28

Feb

Sahel Security Pact as a Political Project

The question of whether the Sahel Alliance has become more political than security-focused is no longer speculative. It is now unavoidable. What began as a response to violent extremism in Mali, Burkina Faso, and Niger has evolved into something that cannot be adequately explained through counterterrorism frameworks alone. The alliance increasingly behaves not like a military coordination mechanism but like a political actor, one that defines legitimacy, resists institutional discipline, and reshapes regional order. Security may have been the catalyst, but politics has become the structure.

To understand why this shift matters, it is useful to step back from the Sahel itself and examine how alliances historically evolve once they outgrow their original functional purpose. In multiple global contexts, alliances formed around security, resources, or vulnerability have gradually transformed into political projects. When this happens, effectiveness becomes secondary to identity, and survival becomes more important than outcomes. The Sahel Alliance now fits this pattern.

The first and most familiar example comes from the Cold War, when military alliances ceased to be about defense and became systems of political alignment. NATO was formally established to deter external aggression, but in practice it institutionalized a political and economic order rooted in liberal democracy and market capitalism. Membership implied adherence to a worldview, not merely participation in joint defense. On the opposite side, the Warsaw Pact presented itself as defensive while functioning as an enforcement mechanism for socialist governance and ideological conformity. States were disciplined not just militarily but politically. In both cases, security language concealed a deeper transformation: alliances became guardians of legitimacy.

The relevance of this example to the Sahel lies not in ideology, but in function. Like Cold War blocs, the Sahel Alliance increasingly defines who belongs, who decides, and who has the authority to judge. It is not exporting a doctrine, but it is constructing a boundary between insiders and outsiders. ECOWAS, Western partners, and liberal governance norms now sit clearly outside that boundary.

A second example helps explain how coordination around a single shared vulnerability can generate political power. OPEC was not created to challenge global order. It was formed to manage oil production and stabilize prices in a system dominated by external actors. Yet once coordination proved possible, it quickly became political. Control over oil was transformed into leverage over diplomacy, markets, and international behavior. The 1970s oil shocks demonstrated that OPEC’s power did not come from technical efficiency, but from collective posture. Even when members disagreed or underperformed, the organization endured because it fulfilled a political function: reclaiming agency.
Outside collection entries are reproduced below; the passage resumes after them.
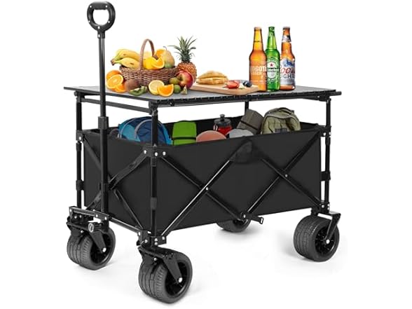 - SHINLEYPACK Collapsible Wagon with Table, Large Capacity Foldable, Beach Wagon with Big Wheels, Heavy Duty
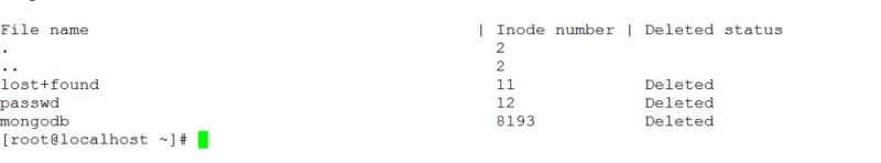 根據輸出信息,標記為Deleted狀態的是已經刪除的文件或目錄。同時還可以看到已刪除文件的inode值,接下來就可以恢復文件了。
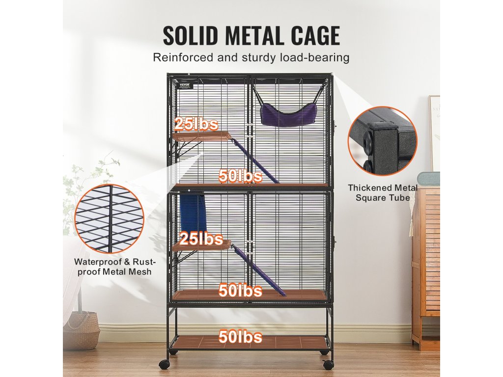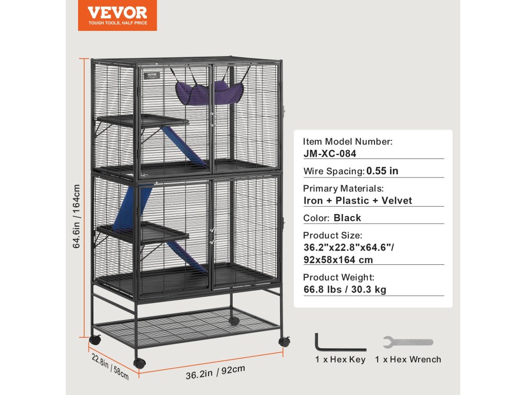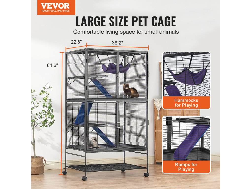 A 36,2" x 22,8" x 64,6" méretű görényketrec 4 különböző magasságú platformmal lehetővé teszi egy vagy több kisállat egyidejű szórakoztatását, nagyobb életteret és maximális kényelmet biztosítva.

The Sahel Alliance mirrors this path? Terrorism functions as the shared vulnerability that justified coordination, much as oil did for OPEC. But the alliance’s influence does not stem from defeating insurgents, just as OPEC’s influence did not stem from producing oil more efficiently. It stems from acting together. Sanctions lose bite when shared. Isolation becomes solidarity. Criticism is reframed as confirmation of resistance. Security failure is no longer a liability; it becomes a rationale for political insulation.

Another example helps explain why such alliances, The Non-Aligned Movement, was never a military alliance and never promised security or prosperity. Many of its members remained unstable, and internally divided. Yet the movement endured because it met a political need. It offered post-colonial states collective dignity and autonomy in a system dominated by others. Its foundational moment, the Bandung Conference, did not create institutions or commands, but it created identity. Neutrality itself became political.

The Sahel Alliance functions in a similar way. It does not promise victory over insurgents. It offers its members a shared language of sovereignty, resistance, and self-definition. Like non-alignment, it transforms vulnerability into posture. Taken together, these examples reveal a consistent pattern. Alliances become political when three conditions are met. First, the existing order loses legitimacy. Second, coordination offers insulation rather than solutions. Third, identity begins to matter more than performance.

The question, then, is no longer whether the Sahel Alliance is more than security. The more important question is what kind of political alliance it is becoming. History offers cautionary lessons. Cold War blocs entrenched authoritarianism. Non-alignment preserved sovereignty but often at the cost of accountability. Political alliances solve some problems by postponing others.

The key analytical mistake would be to evaluate the Sahel Alliance by security metrics alone. That lens will always fail. The correct lens is political. Does the alliance redistribute power? Does it redefine legitimacy? Does it alter how external actors engage?

This has implications beyond the Sahel. Regions like the Horn of Africa, where insecurity, external involvement, and contested legitimacy intersect, are fertile ground for similar transformations. Security cooperation can quickly harden into political identity once trust in existing systems collapses. The Sahel Alliance did not set out to become political. But history shows that alliances rarely choose what they become. They evolve in response to failure. When systems fail repeatedly, resistance becomes rational, and politics fills the vacuum left by security.

Security brought these states together. Politics now holds them together. They begin to shape order itself, not because they succeed, but because they refuse to dissolve. That is the real significance of the Sahel Alliance today. It is no longer asking how to defeat insurgents. It is asking who has the authority to govern insecurity. That question marks the moment an alliance stops being about security and becomes political.